Segment Start: TASK DATA
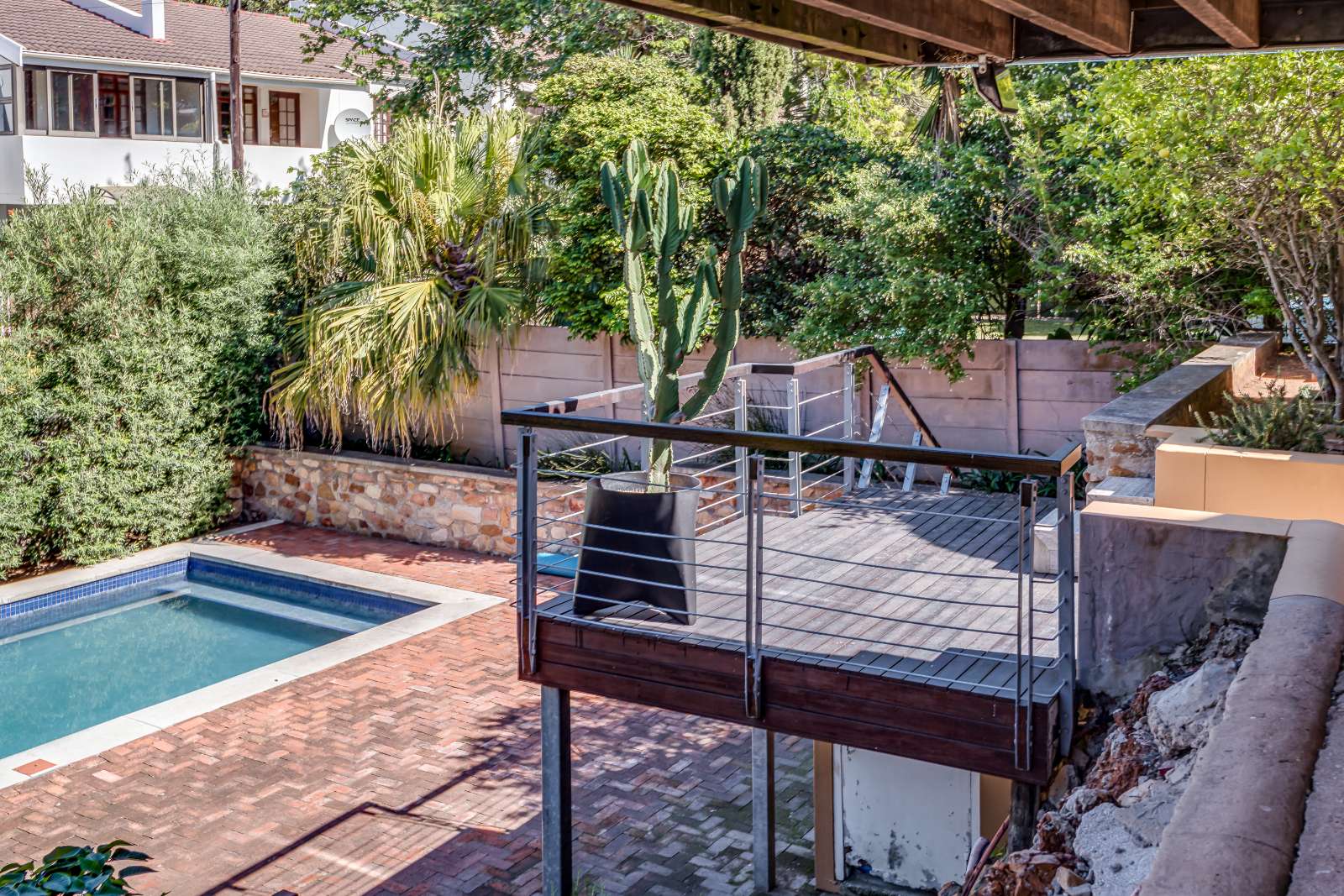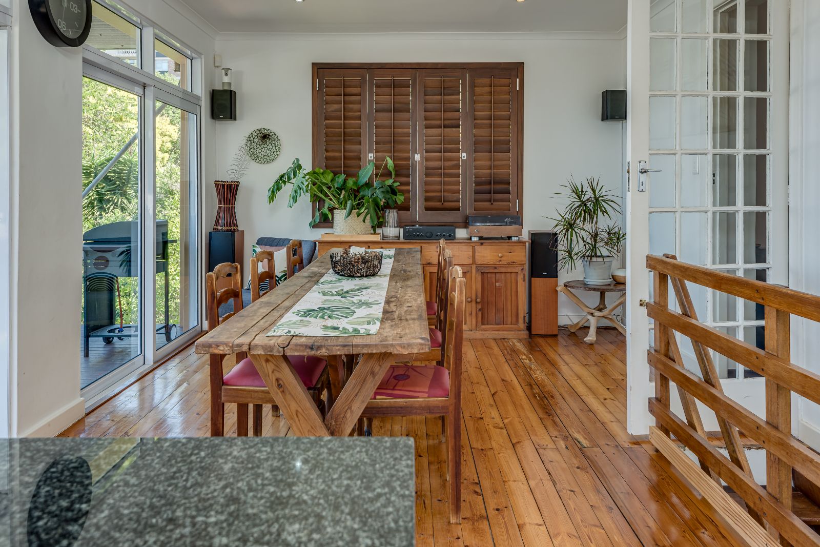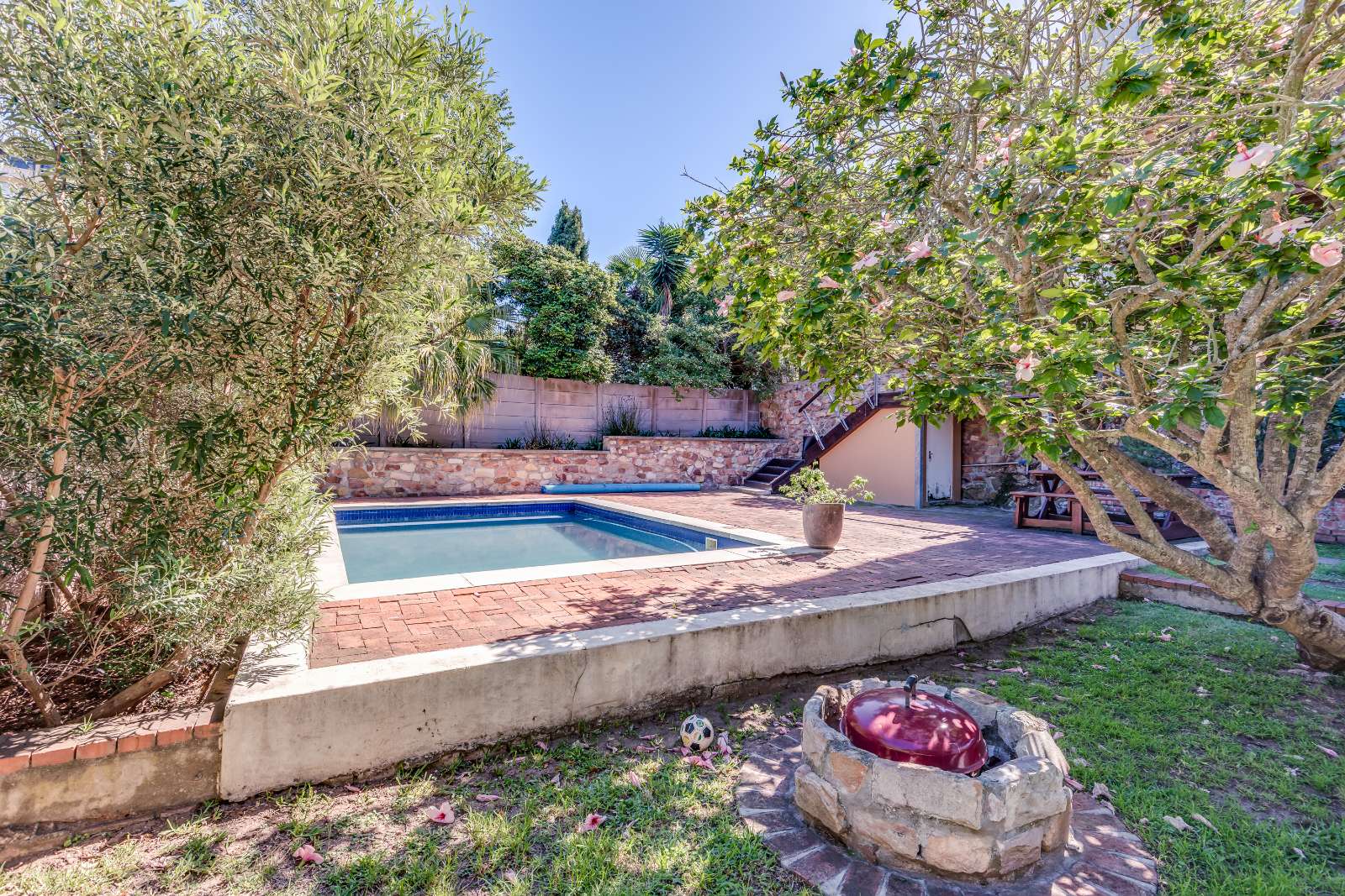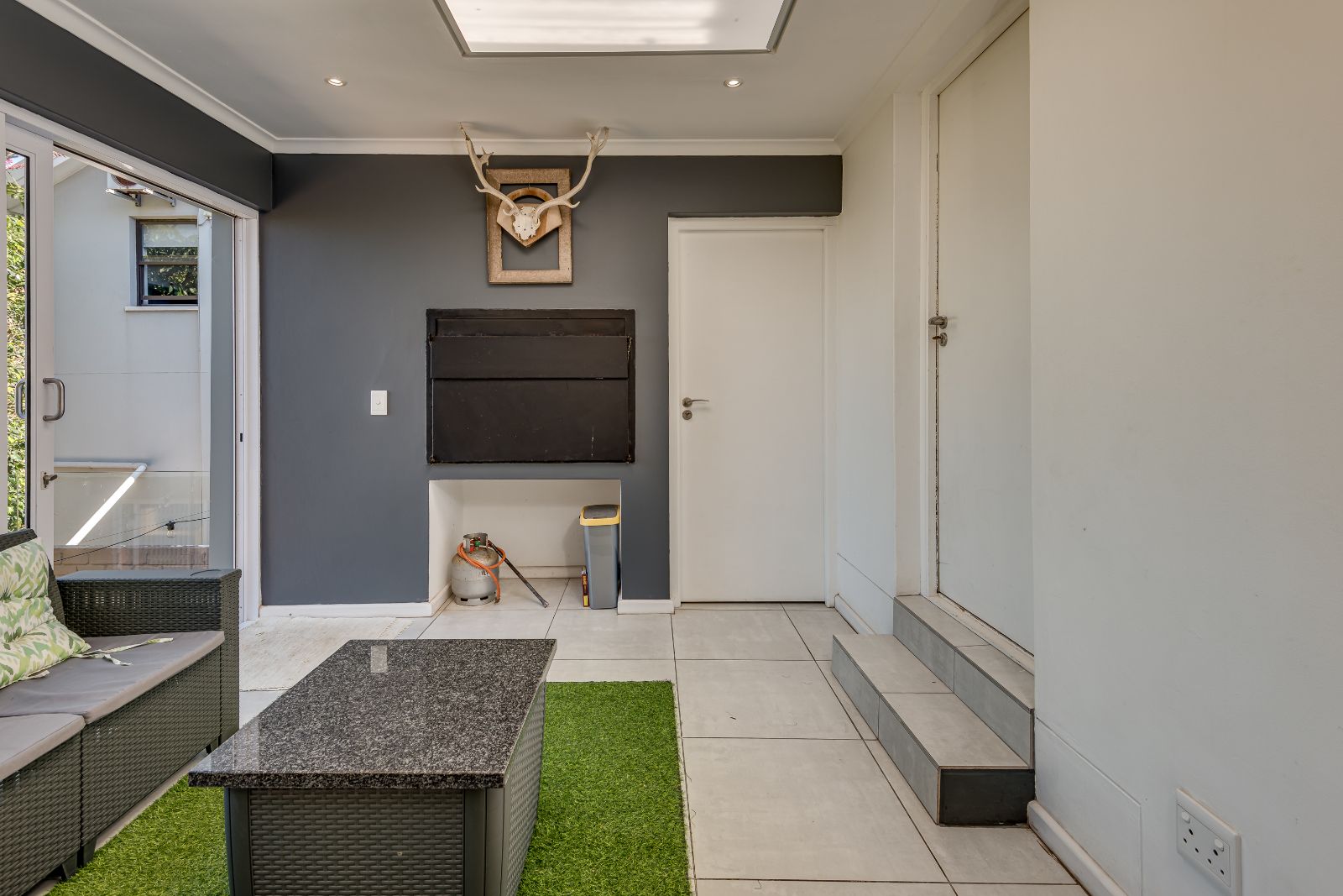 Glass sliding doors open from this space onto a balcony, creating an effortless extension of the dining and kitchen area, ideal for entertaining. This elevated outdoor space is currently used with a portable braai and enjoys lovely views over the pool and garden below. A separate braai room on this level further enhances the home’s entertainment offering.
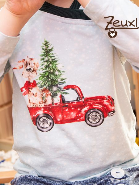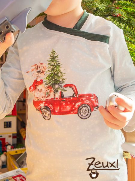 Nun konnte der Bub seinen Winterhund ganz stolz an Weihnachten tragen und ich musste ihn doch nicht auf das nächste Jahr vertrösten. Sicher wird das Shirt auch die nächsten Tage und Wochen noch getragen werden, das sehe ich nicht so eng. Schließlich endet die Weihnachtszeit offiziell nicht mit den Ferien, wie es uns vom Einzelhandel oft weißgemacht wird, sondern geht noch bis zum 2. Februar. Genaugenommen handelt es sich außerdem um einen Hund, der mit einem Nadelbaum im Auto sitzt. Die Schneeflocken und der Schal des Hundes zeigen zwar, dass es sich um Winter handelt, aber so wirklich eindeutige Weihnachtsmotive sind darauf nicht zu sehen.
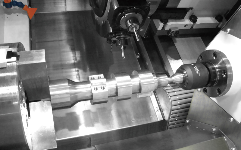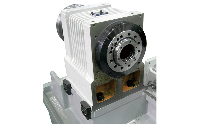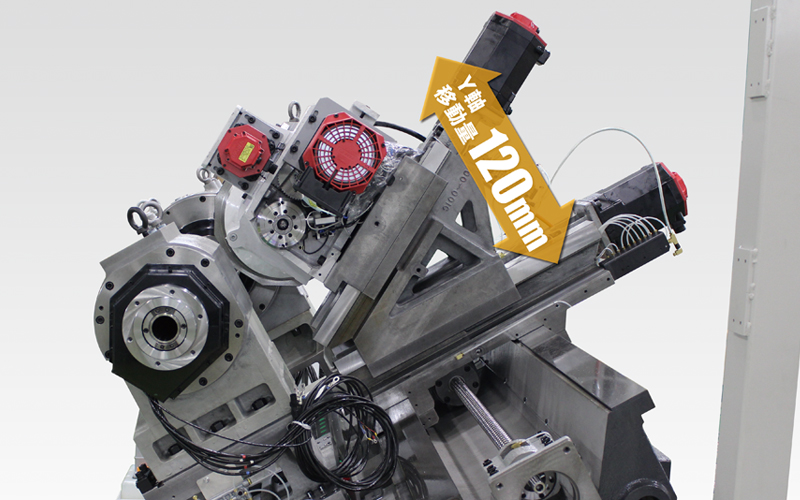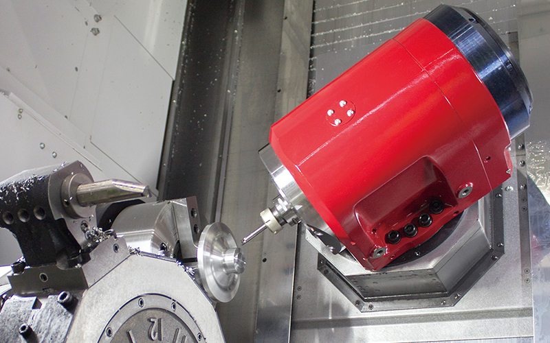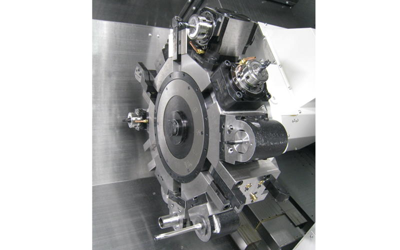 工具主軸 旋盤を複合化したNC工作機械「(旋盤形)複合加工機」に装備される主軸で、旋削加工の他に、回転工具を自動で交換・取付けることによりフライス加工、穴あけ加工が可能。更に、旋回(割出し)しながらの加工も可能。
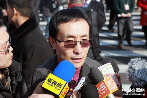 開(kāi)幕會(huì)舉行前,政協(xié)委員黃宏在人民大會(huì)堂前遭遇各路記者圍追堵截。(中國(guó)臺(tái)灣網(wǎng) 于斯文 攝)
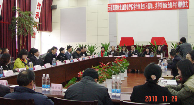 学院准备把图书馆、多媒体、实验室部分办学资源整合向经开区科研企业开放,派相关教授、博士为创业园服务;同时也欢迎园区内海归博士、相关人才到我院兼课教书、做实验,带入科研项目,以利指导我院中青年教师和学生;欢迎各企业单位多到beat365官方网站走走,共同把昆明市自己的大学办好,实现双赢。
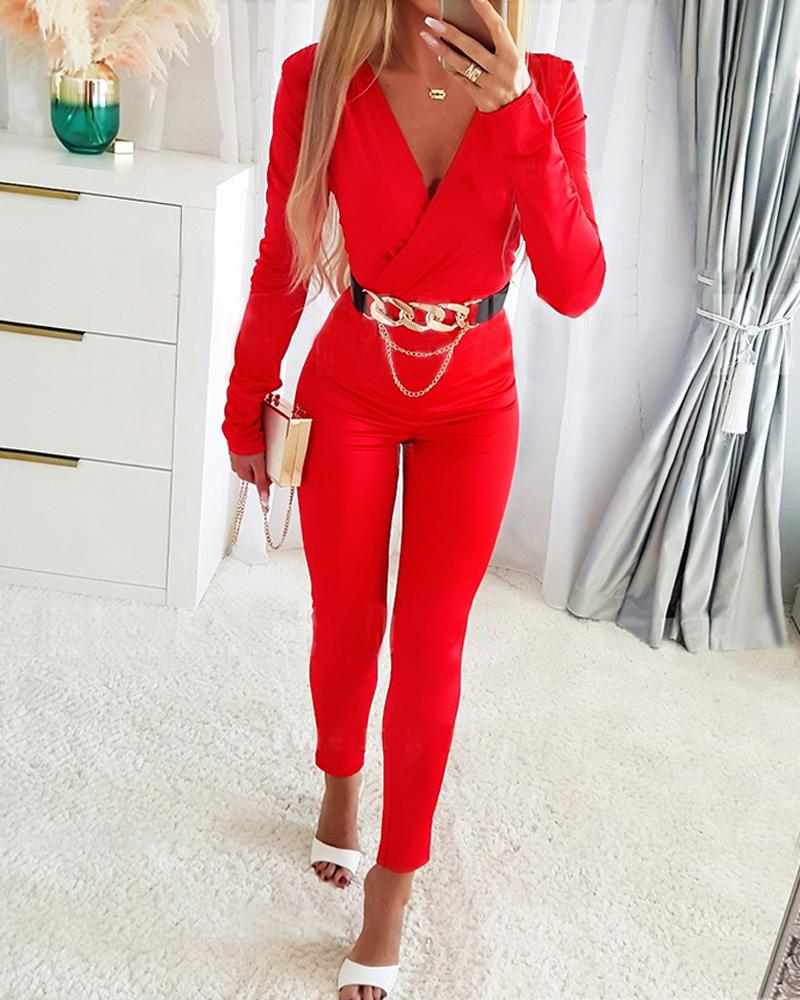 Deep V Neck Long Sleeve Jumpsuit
Segment End: TASK DATA
▶ TASK STATEMENT
Set down every record exactly as written, but drop the pictures.

▶ FINAL ANSWER
 Glass sliding doors open from this space onto a balcony, creating an effortless extension of the dining and kitchen area, ideal for entertaining. This elevated outdoor space is currently used with a portable braai and enjoys lovely views over the pool and garden below. A separate braai room on this level further enhances the home’s entertainment offering.
 Nun konnte der Bub seinen Winterhund ganz stolz an Weihnachten tragen und ich musste ihn doch nicht auf das nächste Jahr vertrösten. Sicher wird das Shirt auch die nächsten Tage und Wochen noch getragen werden, das sehe ich nicht so eng. Schließlich endet die Weihnachtszeit offiziell nicht mit den Ferien, wie es uns vom Einzelhandel oft weißgemacht wird, sondern geht noch bis zum 2. Februar. Genaugenommen handelt es sich außerdem um einen Hund, der mit einem Nadelbaum im Auto sitzt. Die Schneeflocken und der Schal des Hundes zeigen zwar, dass es sich um Winter handelt, aber so wirklich eindeutige Weihnachtsmotive sind darauf nicht zu sehen.
 工具主軸 旋盤を複合化したNC工作機械「(旋盤形)複合加工機」に装備される主軸で、旋削加工の他に、回転工具を自動で交換・取付けることによりフライス加工、穴あけ加工が可能。更に、旋回(割出し)しながらの加工も可能。
 開(kāi)幕會(huì)舉行前,政協(xié)委員黃宏在人民大會(huì)堂前遭遇各路記者圍追堵截。(中國(guó)臺(tái)灣網(wǎng) 于斯文 攝)
 学院准备把图书馆、多媒体、实验室部分办学资源整合向经开区科研企业开放,派相关教授、博士为创业园服务;同时也欢迎园区内海归博士、相关人才到我院兼课教书、做实验,带入科研项目,以利指导我院中青年教师和学生;欢迎各企业单位多到beat365官方网站走走,共同把昆明市自己的大学办好,实现双赢。
 Deep V Neck Long Sleeve Jumpsuit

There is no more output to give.